As thousands protested through Brooklyn, into the streets of downtown Manhattan to the area around Union Square on Sunday night, looters broke into SoHo storefronts and ran out carrying arms full of merchandise.
“It especially hit home for me as I saw these protests in Union Square in New York in front of our buildings last night and the night before,” Related CEO Jeff Blau told Bisnow Monday. “To see that type of disruption is very disheartening and an unfortunate moment in our history.”
While the New York Police Department doesn’t yet have data on how many commercial properties were hit in these raids, the department made over 350 arrests over the week, primarily of those engaging in looting or violent behavior, an NYPD spokesperson said.

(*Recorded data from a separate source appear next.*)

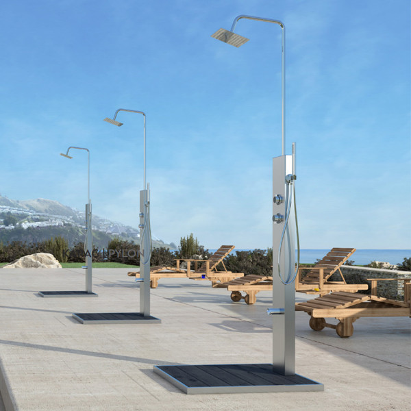 • Στήλη ντους ανοξείδωτη εξωτερικού χώρου με ντουζιέρα, με μείκτη ζεστού - κρύου νερού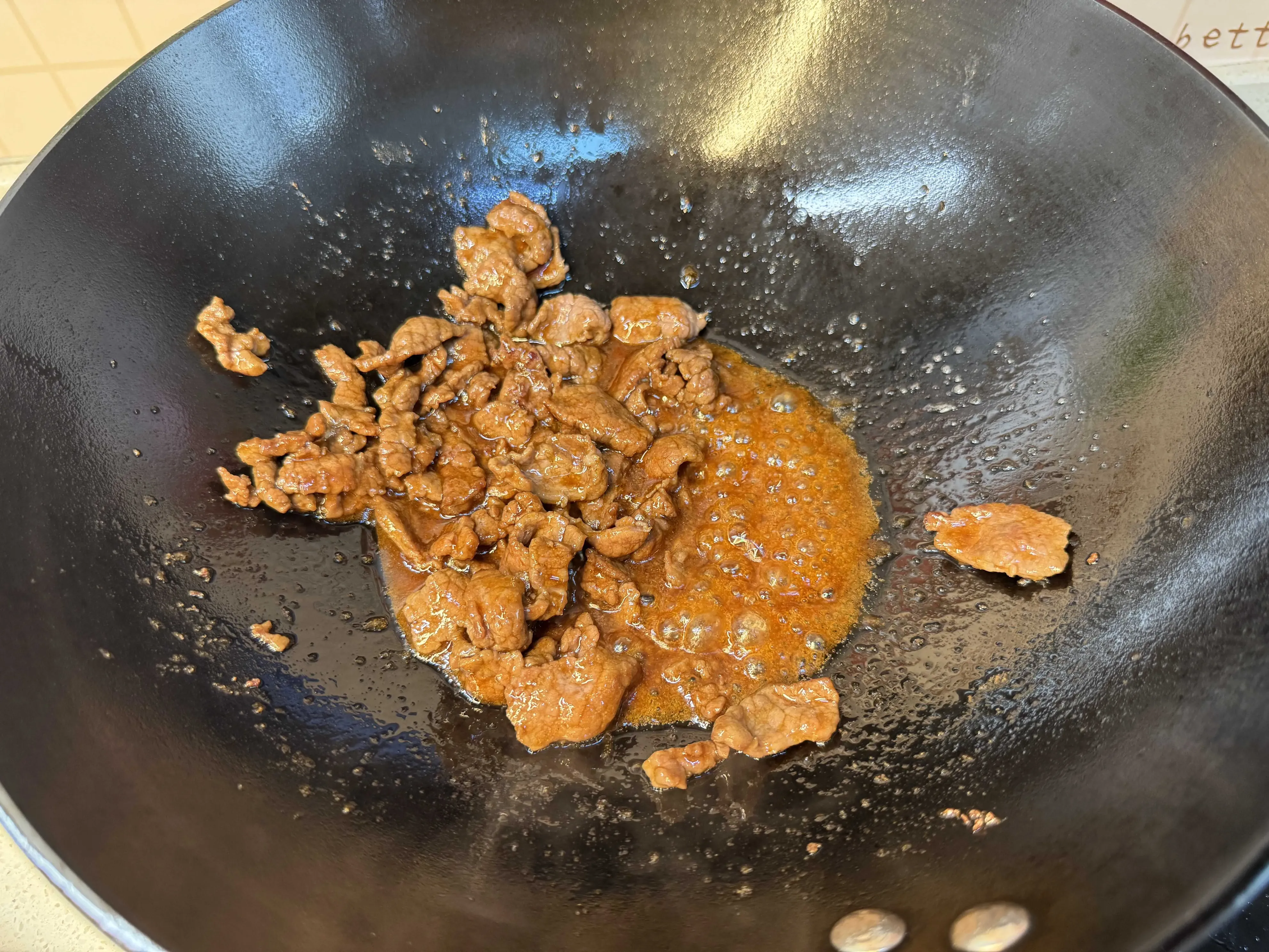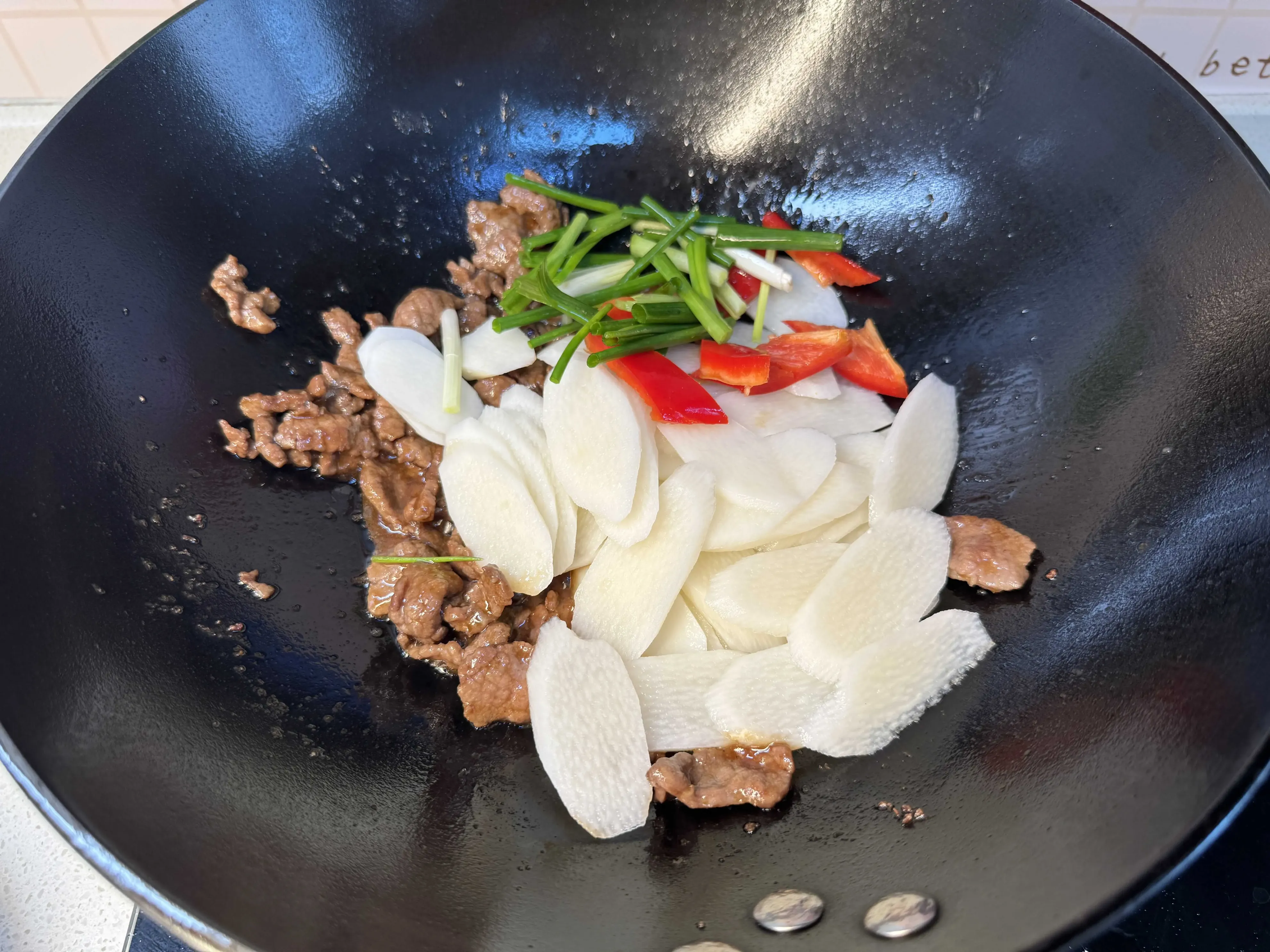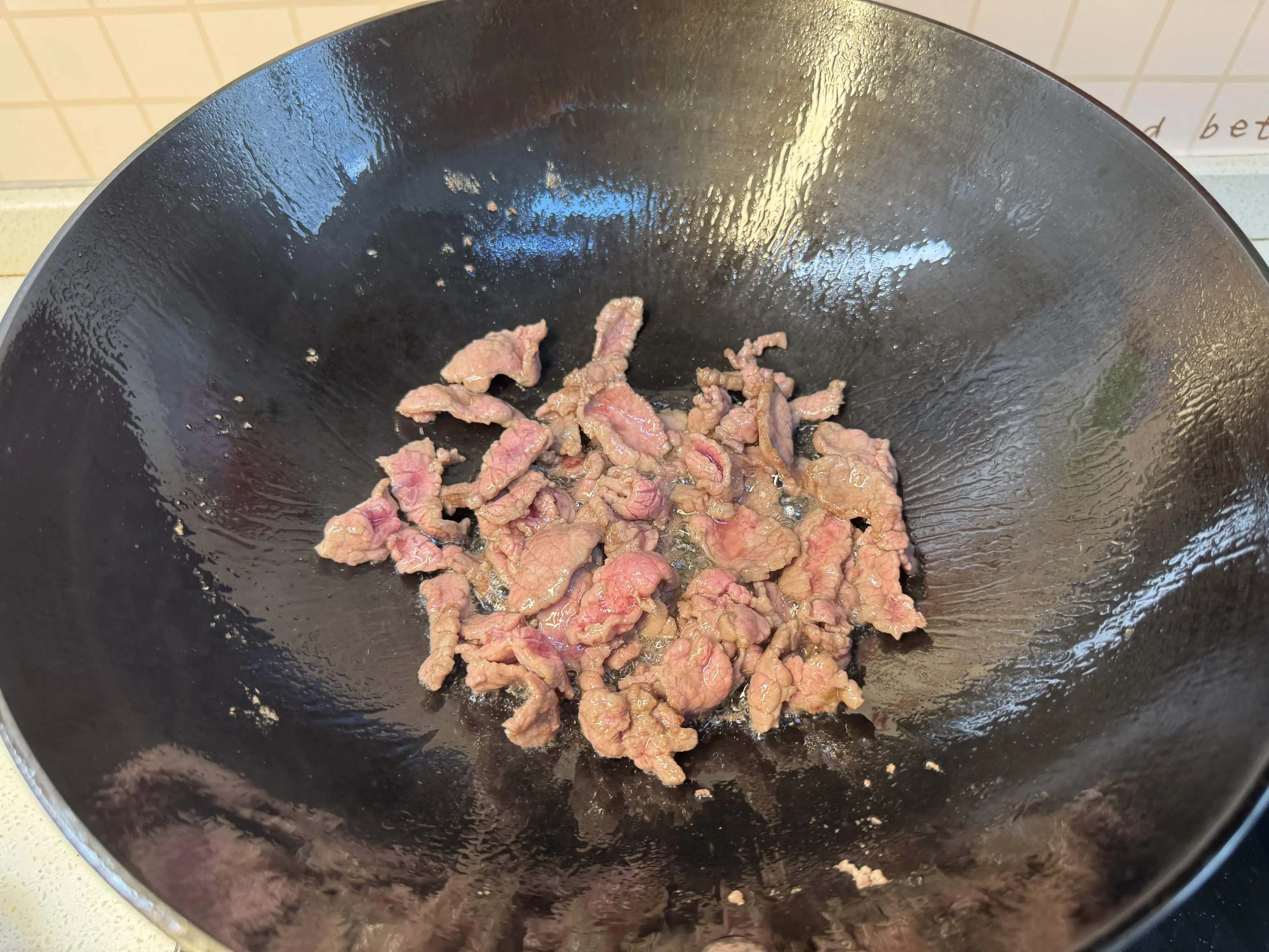 3,油锅烧热以后下入牛肉片,快速翻炒至牛肉变色。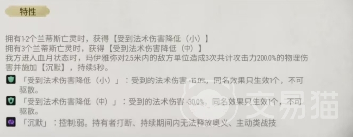 玛伊雅弥立约的基本攻击是能够对主目标造成总计188%攻击力的物理伤害,这样的伤害输出在基本攻击中是绝对不差的,其特性更是与兰蒂斯亡灵紧密相连,当拥有1-2个兰蒂斯亡灵时,她能获得受到小型法术伤害降低的效果,这在一定程度上提升了她在面对法术伤害时的生存能力,而当拥有三个兰蒂斯亡灵时,她所获得的中型受到法术伤害降低效果则更进一步增强了这种防御属性。

The Real Estate Board of New York, the city’s top real estate lobby, condemned the destruction of property but said it was working to address the issues that were at the heart of the protests.
“While we condemn violent and destructive actions in our city and across the country, we will not ignore the sadness, pain and understandable frustration the black community continues to experience,” REBNY President James Whelan said in a statement. “Right now our industry is focusing on how we can come together to provide real solutions and not just lip service to address these issues.”

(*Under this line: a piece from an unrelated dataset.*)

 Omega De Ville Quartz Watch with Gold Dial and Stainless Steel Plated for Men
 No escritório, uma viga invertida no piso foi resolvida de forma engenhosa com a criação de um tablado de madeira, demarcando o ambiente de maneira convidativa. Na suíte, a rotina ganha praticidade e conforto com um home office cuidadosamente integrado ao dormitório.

“I stand behind the protestors and their message, but unfortunately there are people who are looking to take advantage of and discredit this moment for their own personal gain,” Cuomo said in a joint statement with New York City Mayor Bill de Blasio Monday. “The violence and the looting that has gone on in New York City has been bad for the city, the state and this entire national movement, undermining and distracting from this righteous cause.”
Blau, whose company owns more than 60,000 apartments across the country and is a co-developer of the $25B Hudson Yards project in Manhattan, said Related’s properties suffered some damage, but “nothing significant.” He said the pandemic has accelerated all kinds of trends in the country, including the outrage at police killings of unarmed black men.
“I think it probably makes us all think about how we can do things better on a go-forward basis,” Blau said. “This event might have started these protests. But really, this has been going on for a very, very long time, and I think [inequality] is probably one of the greatest risks to our country's future that I can imagine. And I think it's a topic that we all, as business leaders, need to focus on to try to make things better.”
Miriam Hall and Dees Stribling contributed to this story.
CORRECTION, JUNE 3, 2:50 P.M. ET: A previous version of this story incorrectly spelled NewMark Merrill Cos. President Sandy Sigal's name. This story has been updated.